このようにすると、気体通路14に送入されたジアゾメ
タンは、紫外光源15からの紫外線の照射を受けて光分
解し、この光分解によつて生成されたCH2が、第2送入
口13を通つて内部空間23に流入する。このCH2は、
第1送入口12を通つて内部空間22に流入するモノシ
ランと共に、内部空間22の中の0.01〜10トールの雰囲
気を構成し、基体16の上に供給される。内部空間22
がかかる雰囲気であつて、高周波電極19に前述した高周
波が印加されているので、高周波電極19と支持機構1
7との間に、グロー放電が生起し、プラズマが発生す
る。このプラズマの作用で、ジアゾメタンとCH2の混合
物が反応し、水素化非晶質シリコン・炭素が基体16の
表面上に堆積し、水素化非晶質シリコン・炭素の膜が形
成される。
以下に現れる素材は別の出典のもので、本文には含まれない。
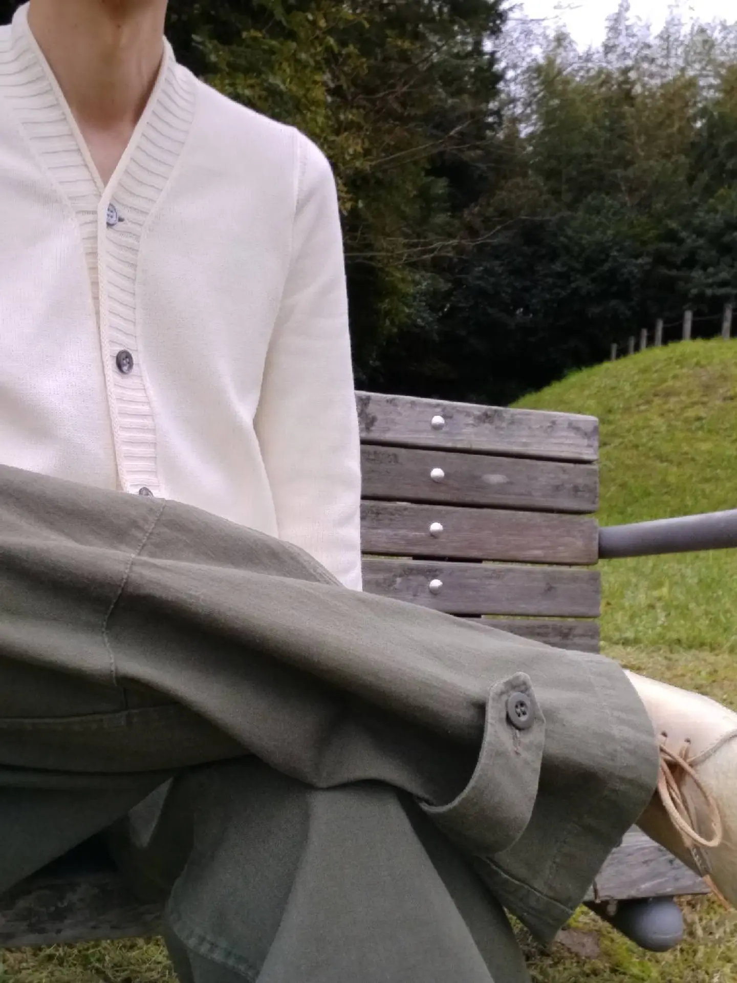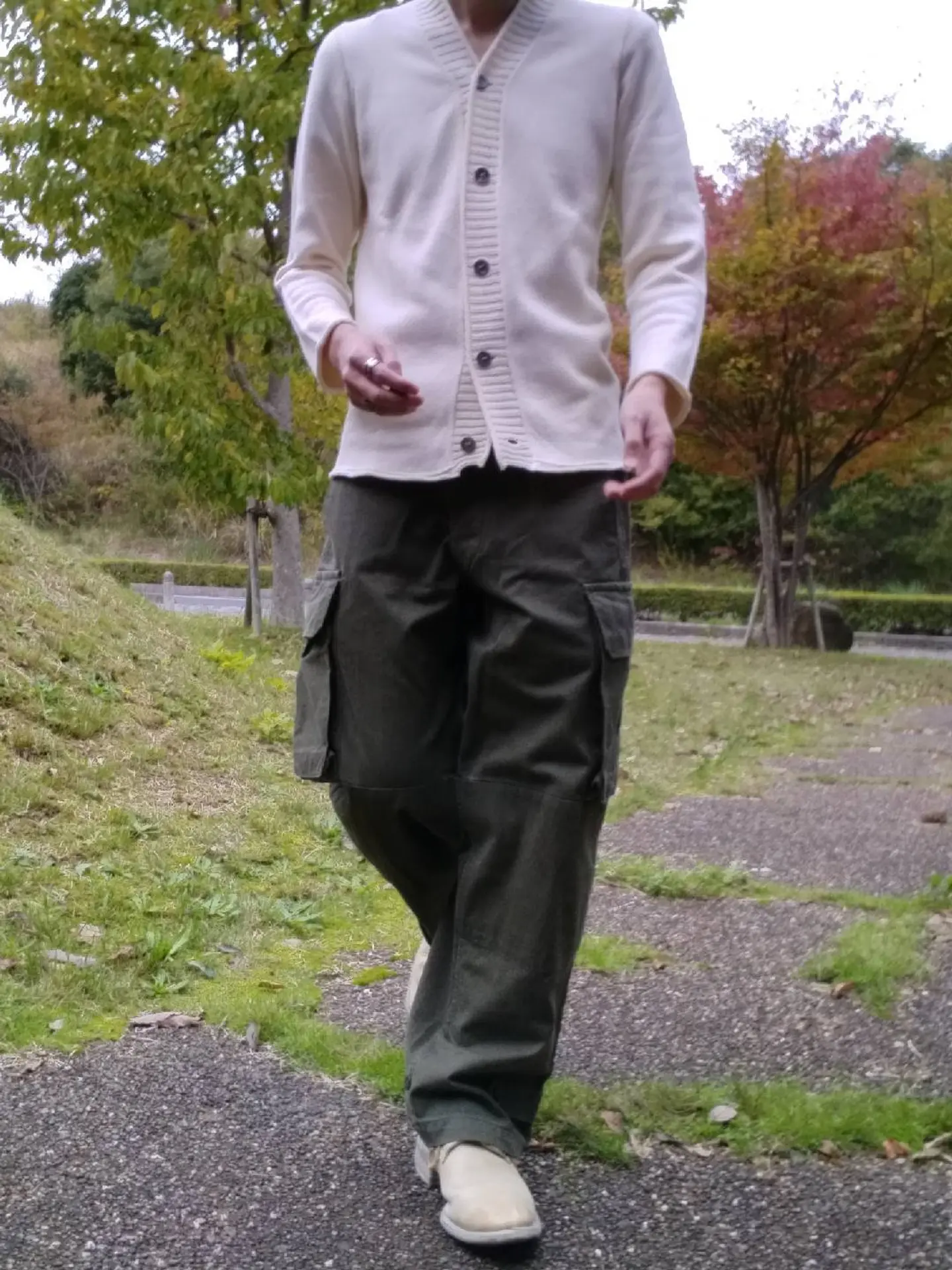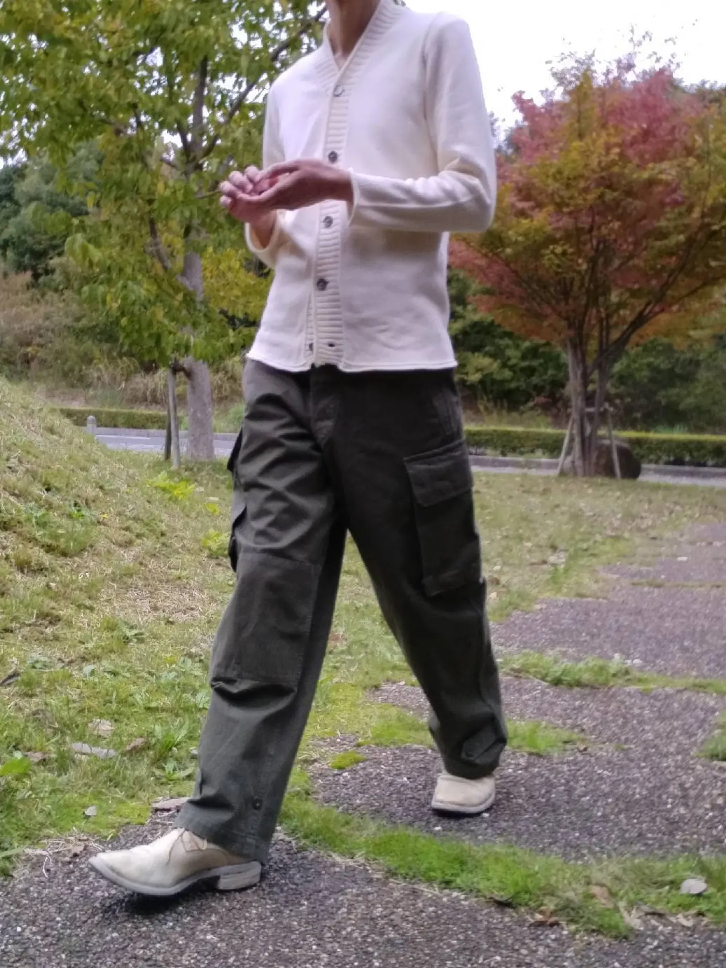 コーデ #motherhandartisan #カーディガン #cardigan #knit #frenchmilitary #M47 #フランス軍 #カーゴパンツ #HBT #carolchristianpoell #キャロルクリスチャンポエル #derbys #ダービーシューズ #ccp #poell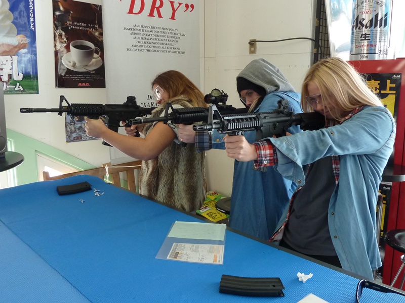 - ガンシューティングを楽しむお客様、写真アップしました。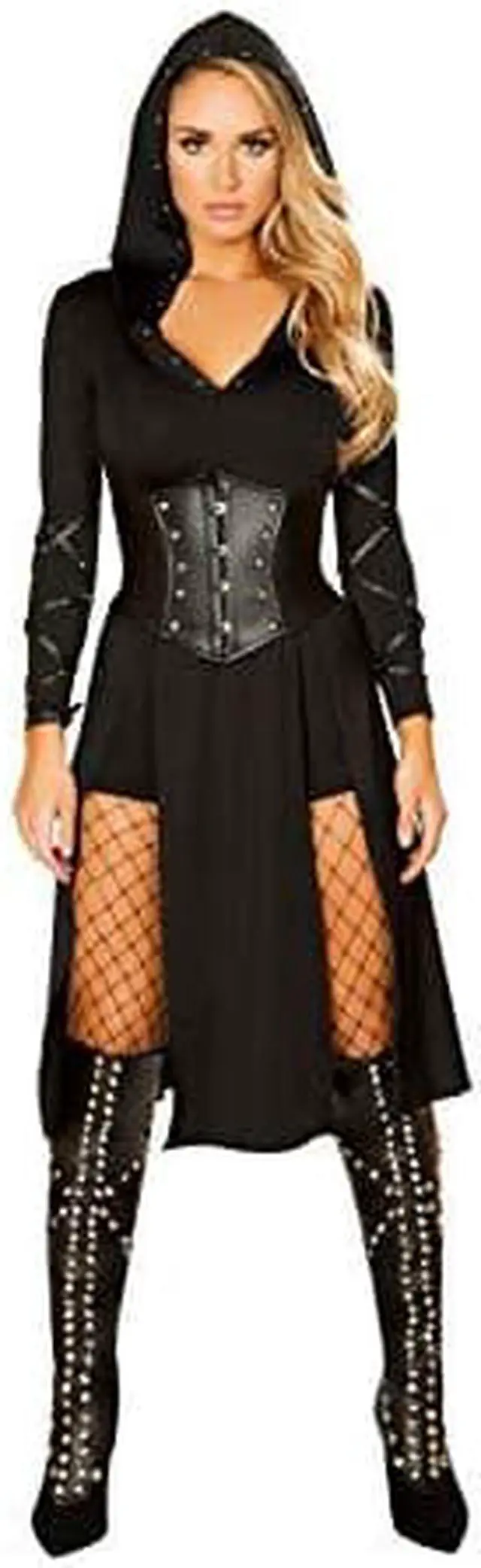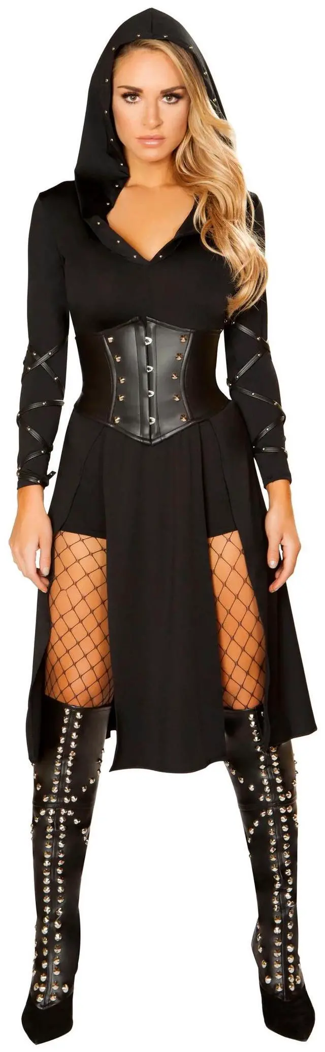 Protect yourself at all costs. Take down your enemies in this Queens Assassin costume featuring a black dress with a V-neckline, long sleeves with studded arm wraps, an attached hood with a studded trim, a long skirt with high front slits, a vinyl wait cincher with a front hook closure, stud accents, a lace-up back closure, and matching shorts. (Pantyhose, swords and leg warmers not included. )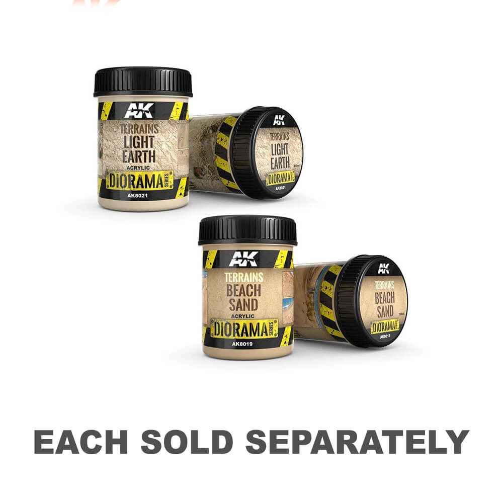 La sabbia da spiaggia è una consistenza fine e piatta per ricreare aree in spiaggia come le spiagge della Normandia o nel Pacifico. Questo è un prodotto acrilico di alta qualità sviluppato per il realismo estremo.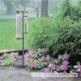 The AcuRite Rain Gauge & Thermometer combination stands 48" tall and measures up to 8" of rainfall.
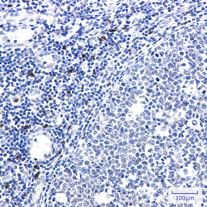 Immunohistochemistry analysis of paraffin-embedded Human tonsil using IL-26 antibody.High-pressure and temperature Sodium Citrate pH 6.0 was used for antigen retrieval.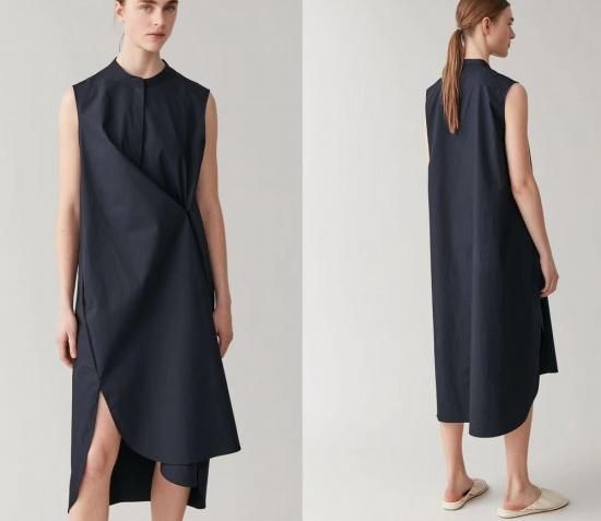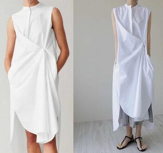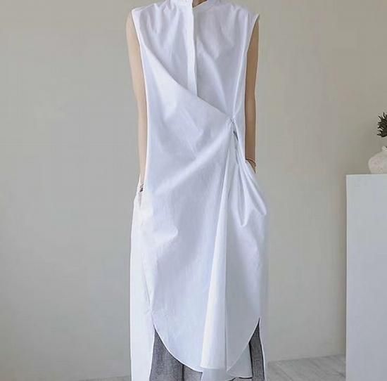 コットンシャツドレス ボトルネック ラウンドネック ワンピース ロング丈 重ね着 ノースリーブ 袖なし 着回し サイドボタン レイヤー かわいい おしゃれ フォーマル キレイ 清潔感 清楚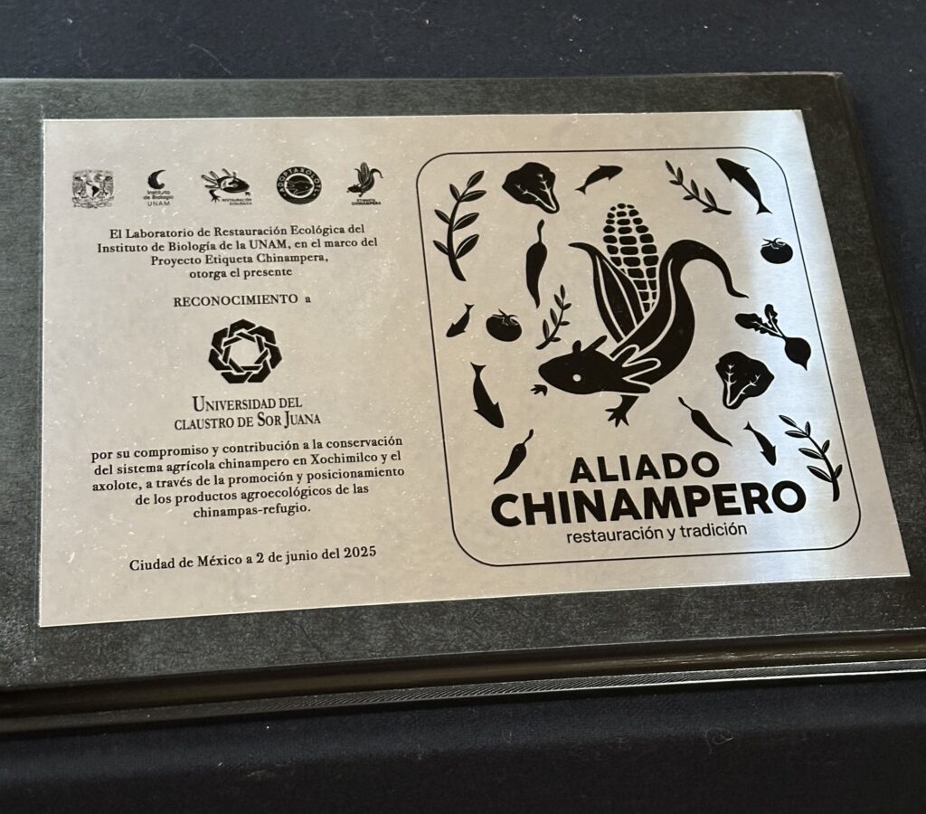 Por su compromiso y contribución a la conservación del sistema agrícola chinampero en Xochimilco y del ajolote, a través de la promoción y posicionamiento de los productos agroecológicos de las chinampas- refugio, el Laboratorio de Restauración Ecológica del Instituto de Biología de la UNAM entregó un reconocimiento a la Universidad del Claustro de Sor Juana (UCSJ).

この膜の形成速度は、上述した作業条件で、
毎分0.5〜5nmの程度である。
また、上述の実施例でCH2の生成にジアゾメタン(CH
2N2)の光分解が使用されているが、ジアゾメタン以外
の例えばケテン(C2H2O)の光分解によつて、CH2を生成
するようにしてもよい。さらに、分子内にシリコン原子
を有する気体状物質としてモノシラン(SiH4)を挙げた
が、かかる気体状物質として、ジシラン(Si2H6)、ト
リシラン(Si3H8)、弗化シラン(SiFXH4-X、x=1、
2、3、4)なども採用できる。
(発明の効果) この発明の水素化非晶質シリコン・炭素膜の製造方法
は、二価の炭素原子を含む不安定中間体であるメチレン
のプラズマ反応を利用するので、水素化非晶質シリコン
・炭素膜の生成速度が早く、この膜において三次元ネツ
トワーク構造が十分に発達し、よつて良好な膜質のもの
が得られる。
【図面の簡単な説明】
第1図は、この発明を実施するためのCVD装置の図解図
である。図面において、10は真空容器、11は真空排
気装置に連結する排気口、12は分子内にシリコン原子
を有する気体状物質の源に連結する第1送入口、13は
光分解によつてメチレンを生成する物質の源とこの源か
らの物質を光分解する手段とに連結する第2送入口、1
6は基体、19は前記気体状物質とメチレンの混合物の
プラズマ反応に必要なプラズマの発生に使用される高周
波電極を示す。

Claims (1)

    【特許請求の範囲】
  1. 【請求項1】モノシラン、ジシラン、トリシラン及び弗
    化シランから選ばれた分子内にシリコン原子を有する気
    体状物質と気体状メチレンとの混合物を、基体上に供給
    すると共にプラズマ中で反応させて、水素化非晶質シリ
    コン・炭素を基体の表面上に堆積させることを特徴とす
    る水素化非晶質シリコン・炭素膜の製造方法。